### Exercise description
Could you output each record below exactly as it stands and leave the pictures out?

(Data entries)
Start of Block

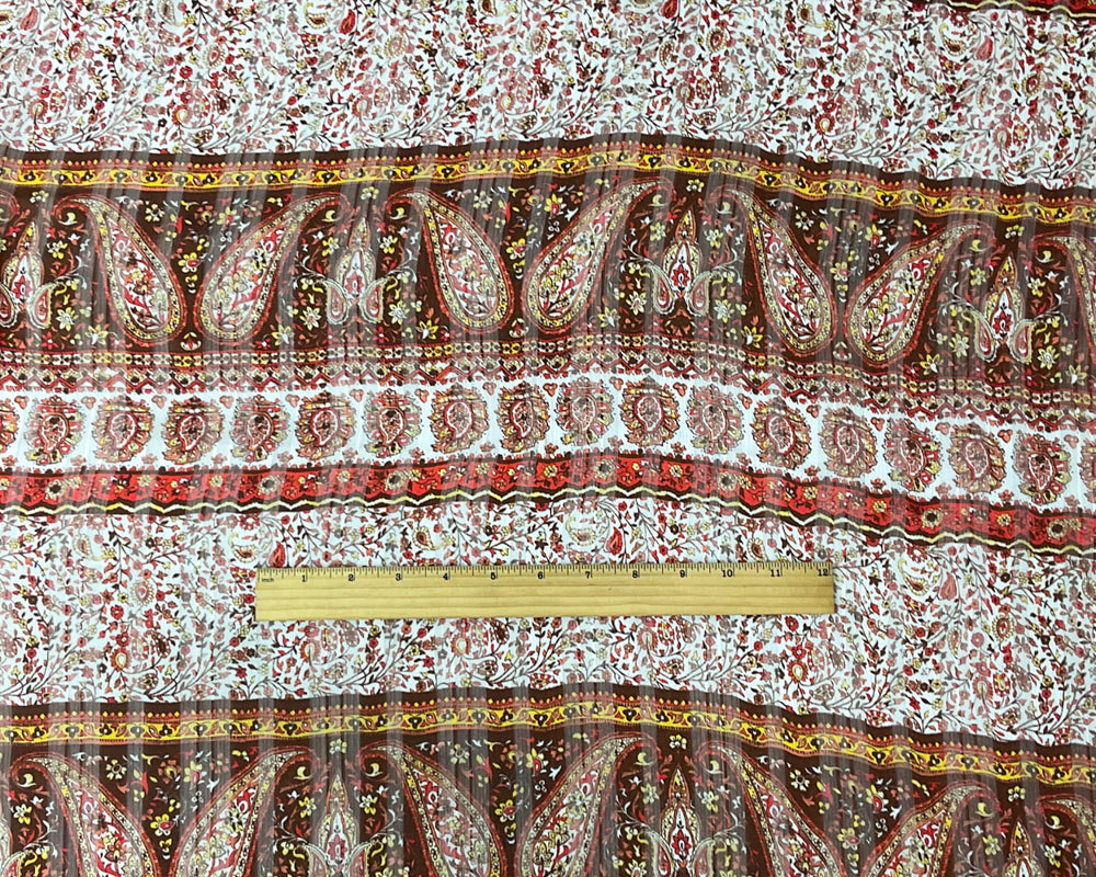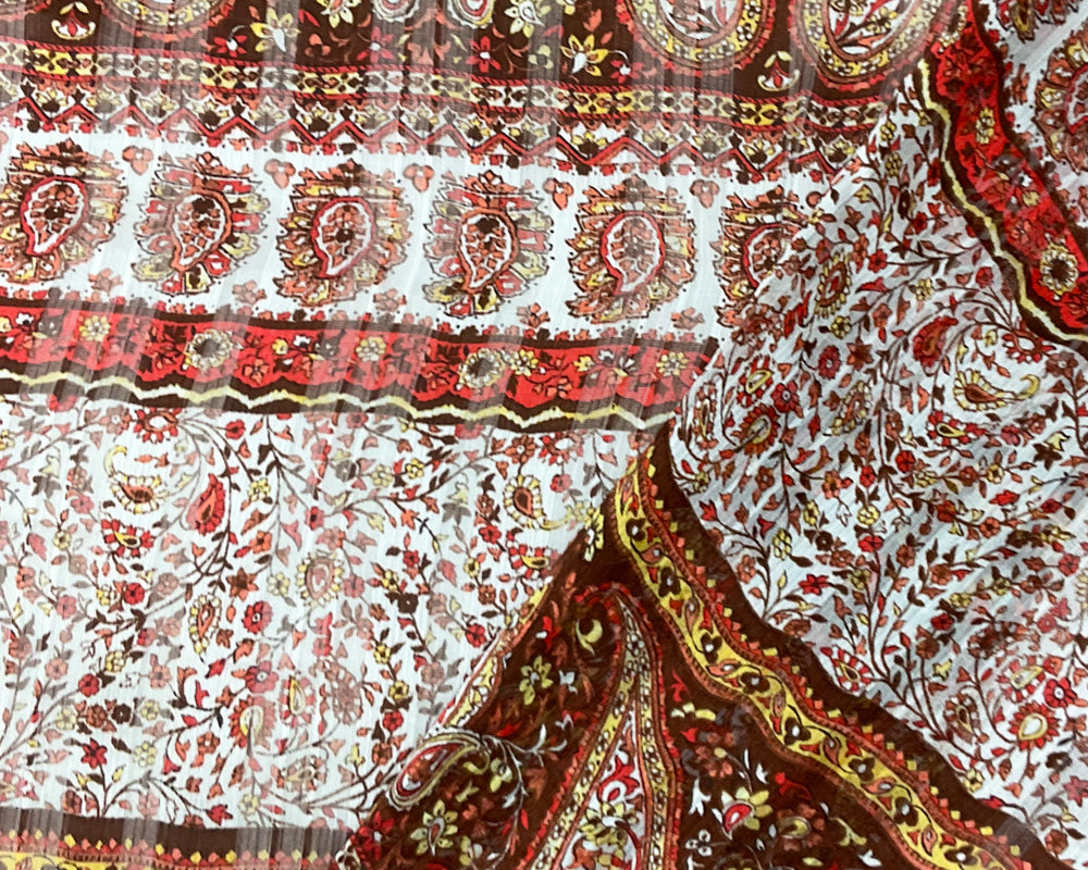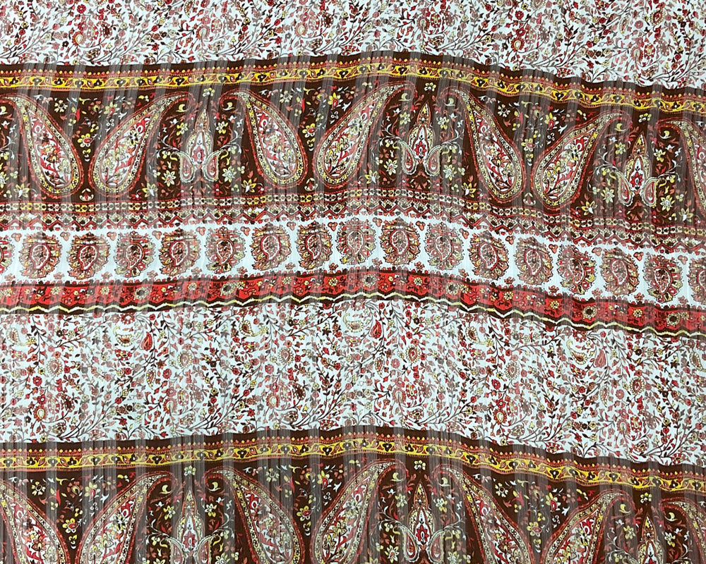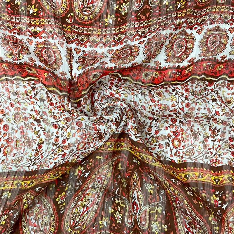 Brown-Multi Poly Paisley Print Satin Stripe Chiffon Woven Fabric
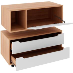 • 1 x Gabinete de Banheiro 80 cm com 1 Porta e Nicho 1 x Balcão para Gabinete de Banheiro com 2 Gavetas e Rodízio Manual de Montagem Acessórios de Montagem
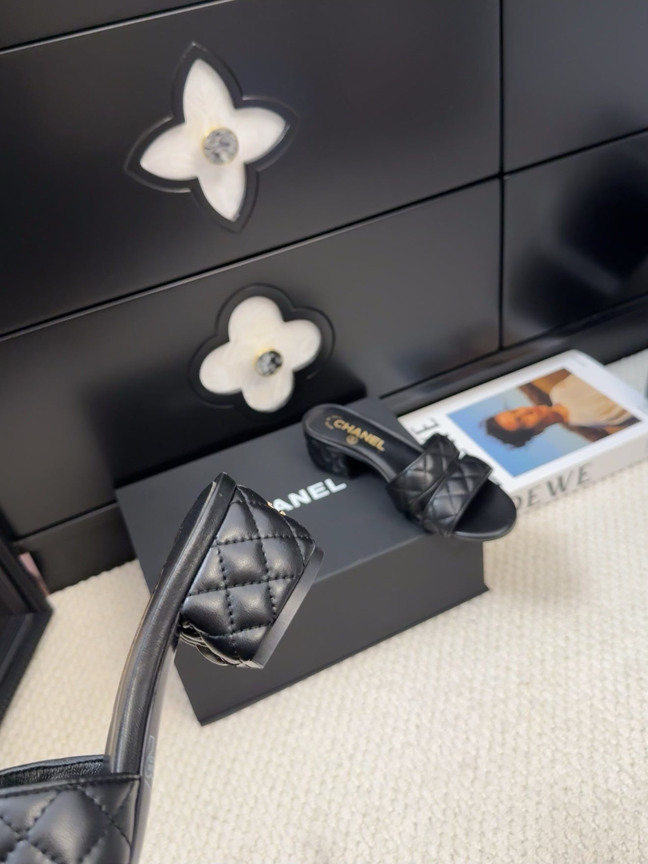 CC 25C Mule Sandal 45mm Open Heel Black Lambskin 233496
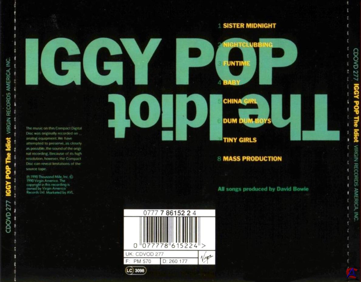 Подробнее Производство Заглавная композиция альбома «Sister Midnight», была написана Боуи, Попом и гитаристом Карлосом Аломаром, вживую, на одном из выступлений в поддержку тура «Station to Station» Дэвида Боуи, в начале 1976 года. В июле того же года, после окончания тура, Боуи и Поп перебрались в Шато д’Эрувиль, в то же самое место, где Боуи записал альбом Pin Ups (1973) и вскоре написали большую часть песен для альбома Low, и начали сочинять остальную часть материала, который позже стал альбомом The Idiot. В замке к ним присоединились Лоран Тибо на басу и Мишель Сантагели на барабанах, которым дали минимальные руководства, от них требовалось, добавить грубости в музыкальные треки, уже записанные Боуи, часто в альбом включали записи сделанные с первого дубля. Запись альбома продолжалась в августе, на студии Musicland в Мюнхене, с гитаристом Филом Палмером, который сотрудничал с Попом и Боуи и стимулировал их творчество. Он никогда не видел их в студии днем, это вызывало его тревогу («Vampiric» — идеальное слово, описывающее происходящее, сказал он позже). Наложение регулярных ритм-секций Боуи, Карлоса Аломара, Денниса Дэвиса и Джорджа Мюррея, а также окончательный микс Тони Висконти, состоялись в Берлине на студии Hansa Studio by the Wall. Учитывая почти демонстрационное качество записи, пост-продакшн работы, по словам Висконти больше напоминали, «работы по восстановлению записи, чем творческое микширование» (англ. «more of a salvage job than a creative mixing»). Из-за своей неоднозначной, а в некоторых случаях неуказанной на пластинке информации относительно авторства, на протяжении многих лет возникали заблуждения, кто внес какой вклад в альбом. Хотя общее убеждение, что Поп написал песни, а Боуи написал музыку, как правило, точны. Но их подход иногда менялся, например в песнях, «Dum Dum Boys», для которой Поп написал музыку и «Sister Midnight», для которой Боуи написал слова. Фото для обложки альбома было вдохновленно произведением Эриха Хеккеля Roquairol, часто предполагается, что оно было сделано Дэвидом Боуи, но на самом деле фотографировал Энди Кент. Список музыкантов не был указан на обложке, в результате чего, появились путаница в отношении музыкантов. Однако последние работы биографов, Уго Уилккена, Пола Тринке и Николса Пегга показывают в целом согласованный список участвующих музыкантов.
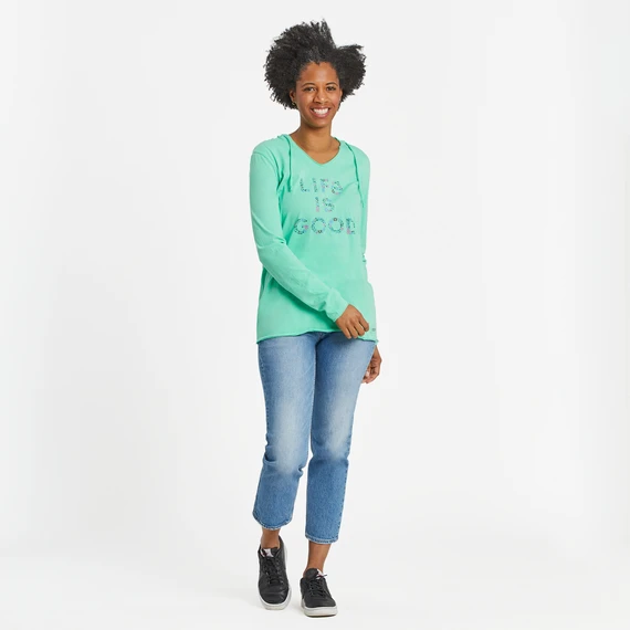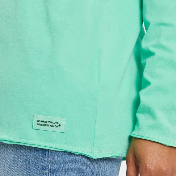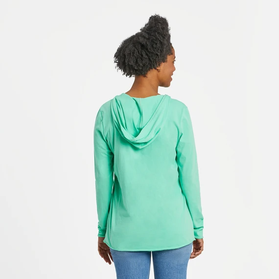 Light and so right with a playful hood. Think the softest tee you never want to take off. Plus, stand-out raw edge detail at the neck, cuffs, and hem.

End of Block

### Result of the exercise
 Brown-Multi Poly Paisley Print Satin Stripe Chiffon Woven Fabric
 • 1 x Gabinete de Banheiro 80 cm com 1 Porta e Nicho 1 x Balcão para Gabinete de Banheiro com 2 Gavetas e Rodízio Manual de Montagem Acessórios de Montagem
 CC 25C Mule Sandal 45mm Open Heel Black Lambskin 233496
 Подробнее Производство Заглавная композиция альбома «Sister Midnight», была написана Боуи, Попом и гитаристом Карлосом Аломаром, вживую, на одном из выступлений в поддержку тура «Station to Station» Дэвида Боуи, в начале 1976 года. В июле того же года, после окончания тура, Боуи и Поп перебрались в Шато д’Эрувиль, в то же самое место, где Боуи записал альбом Pin Ups (1973) и вскоре написали большую часть песен для альбома Low, и начали сочинять остальную часть материала, который позже стал альбомом The Idiot. В замке к ним присоединились Лоран Тибо на басу и Мишель Сантагели на барабанах, которым дали минимальные руководства, от них требовалось, добавить грубости в музыкальные треки, уже записанные Боуи, часто в альбом включали записи сделанные с первого дубля. Запись альбома продолжалась в августе, на студии Musicland в Мюнхене, с гитаристом Филом Палмером, который сотрудничал с Попом и Боуи и стимулировал их творчество. Он никогда не видел их в студии днем, это вызывало его тревогу («Vampiric» — идеальное слово, описывающее происходящее, сказал он позже). Наложение регулярных ритм-секций Боуи, Карлоса Аломара, Денниса Дэвиса и Джорджа Мюррея, а также окончательный микс Тони Висконти, состоялись в Берлине на студии Hansa Studio by the Wall. Учитывая почти демонстрационное качество записи, пост-продакшн работы, по словам Висконти больше напоминали, «работы по восстановлению записи, чем творческое микширование» (англ. «more of a salvage job than a creative mixing»). Из-за своей неоднозначной, а в некоторых случаях неуказанной на пластинке информации относительно авторства, на протяжении многих лет возникали заблуждения, кто внес какой вклад в альбом. Хотя общее убеждение, что Поп написал песни, а Боуи написал музыку, как правило, точны. Но их подход иногда менялся, например в песнях, «Dum Dum Boys», для которой Поп написал музыку и «Sister Midnight», для которой Боуи написал слова. Фото для обложки альбома было вдохновленно произведением Эриха Хеккеля Roquairol, часто предполагается, что оно было сделано Дэвидом Боуи, но на самом деле фотографировал Энди Кент. Список музыкантов не был указан на обложке, в результате чего, появились путаница в отношении музыкантов. Однако последние работы биографов, Уго Уилккена, Пола Тринке и Николса Пегга показывают в целом согласованный список участвующих музыкантов.
 Light and so right with a playful hood. Think the softest tee you never want to take off. Plus, stand-out raw edge detail at the neck, cuffs, and hem.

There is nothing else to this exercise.